(Data extracts begins)

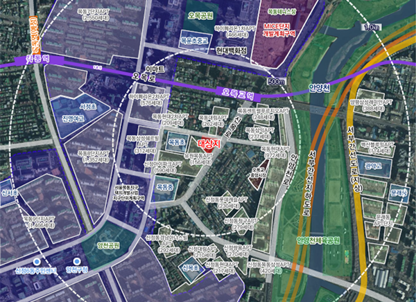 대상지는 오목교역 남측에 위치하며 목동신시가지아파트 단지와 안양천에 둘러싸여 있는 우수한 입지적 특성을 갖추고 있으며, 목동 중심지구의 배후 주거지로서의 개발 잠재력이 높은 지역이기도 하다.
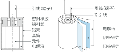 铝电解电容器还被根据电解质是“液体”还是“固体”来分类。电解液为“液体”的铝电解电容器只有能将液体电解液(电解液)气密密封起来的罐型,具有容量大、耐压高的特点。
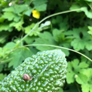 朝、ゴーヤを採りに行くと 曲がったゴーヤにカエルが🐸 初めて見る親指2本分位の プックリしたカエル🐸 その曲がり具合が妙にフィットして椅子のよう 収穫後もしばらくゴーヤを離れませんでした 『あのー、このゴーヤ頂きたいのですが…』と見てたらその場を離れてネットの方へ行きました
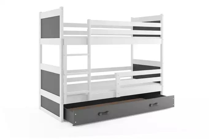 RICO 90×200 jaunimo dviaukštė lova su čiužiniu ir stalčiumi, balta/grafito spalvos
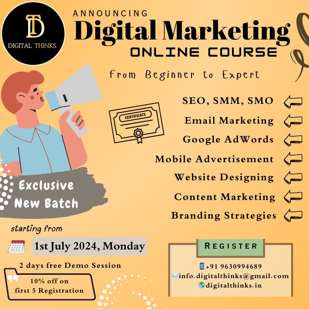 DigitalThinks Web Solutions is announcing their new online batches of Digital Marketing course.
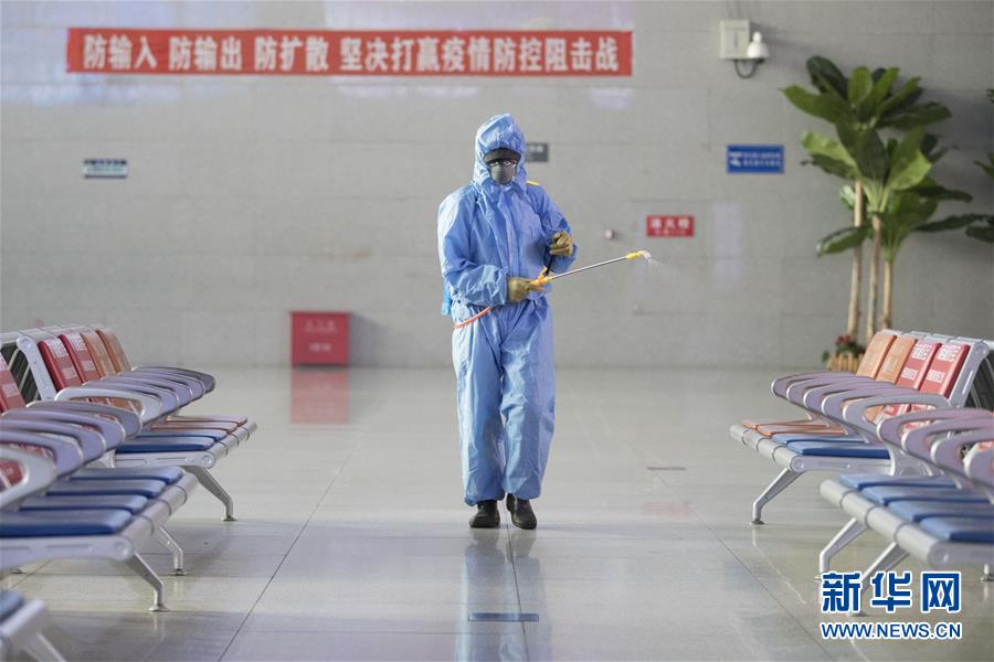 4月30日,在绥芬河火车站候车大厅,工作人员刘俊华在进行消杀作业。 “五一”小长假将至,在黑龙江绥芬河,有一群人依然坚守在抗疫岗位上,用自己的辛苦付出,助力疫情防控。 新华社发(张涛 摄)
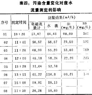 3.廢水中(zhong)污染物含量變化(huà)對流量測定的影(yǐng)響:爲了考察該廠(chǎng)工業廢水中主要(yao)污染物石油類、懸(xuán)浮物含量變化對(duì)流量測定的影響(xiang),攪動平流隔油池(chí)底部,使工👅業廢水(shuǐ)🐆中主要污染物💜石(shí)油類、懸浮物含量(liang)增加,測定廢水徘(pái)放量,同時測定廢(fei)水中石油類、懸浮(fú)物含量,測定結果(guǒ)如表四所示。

(Data extracts ends)
(Data extracts begins)

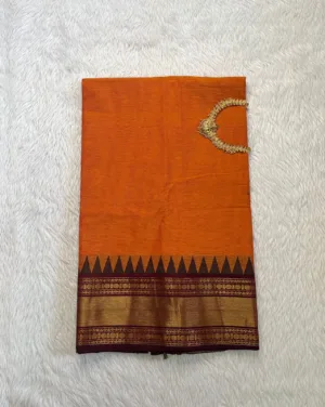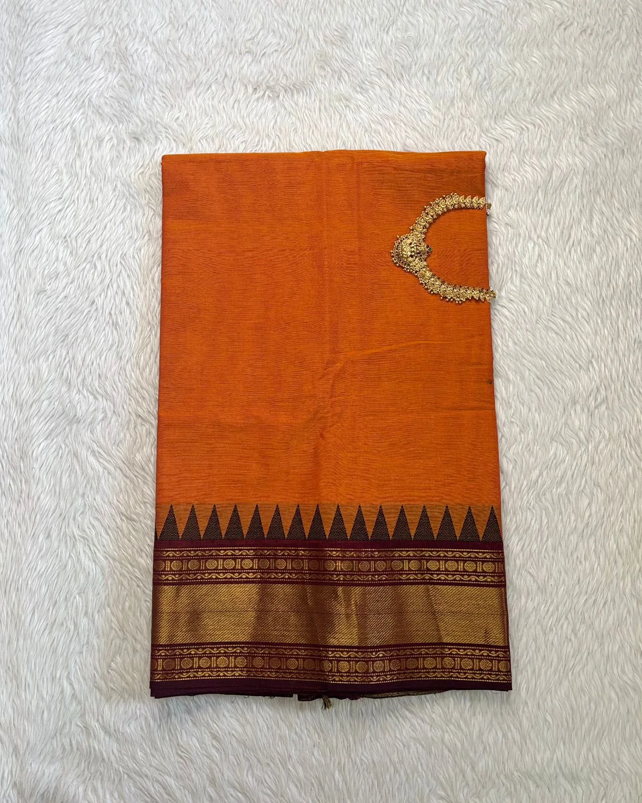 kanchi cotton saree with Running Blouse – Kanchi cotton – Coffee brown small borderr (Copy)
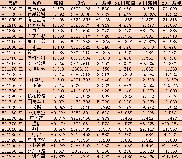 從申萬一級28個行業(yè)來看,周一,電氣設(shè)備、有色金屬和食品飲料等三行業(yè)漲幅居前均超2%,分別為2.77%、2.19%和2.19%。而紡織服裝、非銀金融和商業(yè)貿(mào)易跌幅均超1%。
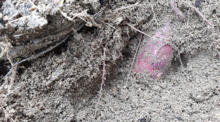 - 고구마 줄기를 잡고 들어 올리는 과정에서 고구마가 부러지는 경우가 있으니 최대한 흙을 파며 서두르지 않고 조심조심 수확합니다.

(Data extracts ends)
(Data extracts begins)

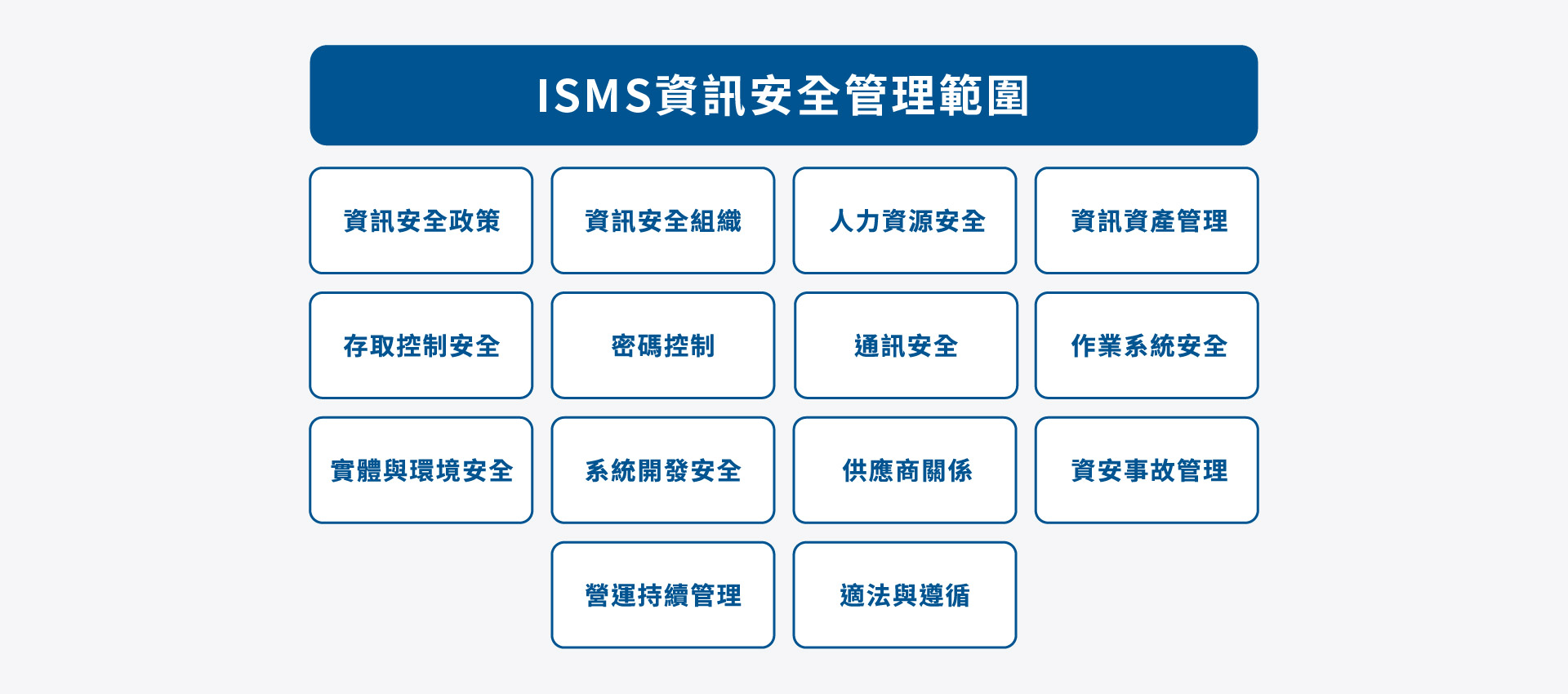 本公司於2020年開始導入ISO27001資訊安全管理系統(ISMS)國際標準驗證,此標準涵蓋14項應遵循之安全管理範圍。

(Data extracts ends)

◆ Exercise:
Copy nothing but the lines above that run from the one with "대상지는 오목교역 남측에" to the one with "RICO 90×200 jaunimo", ends included; pictures stay out.

◆ Response area:
 대상지는 오목교역 남측에 위치하며 목동신시가지아파트 단지와 안양천에 둘러싸여 있는 우수한 입지적 특성을 갖추고 있으며, 목동 중심지구의 배후 주거지로서의 개발 잠재력이 높은 지역이기도 하다.
 铝电解电容器还被根据电解质是“液体”还是“固体”来分类。电解液为“液体”的铝电解电容器只有能将液体电解液(电解液)气密密封起来的罐型,具有容量大、耐压高的特点。
 朝、ゴーヤを採りに行くと 曲がったゴーヤにカエルが🐸 初めて見る親指2本分位の プックリしたカエル🐸 その曲がり具合が妙にフィットして椅子のよう 収穫後もしばらくゴーヤを離れませんでした 『あのー、このゴーヤ頂きたいのですが…』と見てたらその場を離れてネットの方へ行きました
 RICO 90×200 jaunimo dviaukštė lova su čiužiniu ir stalčiumi, balta/grafito spalvos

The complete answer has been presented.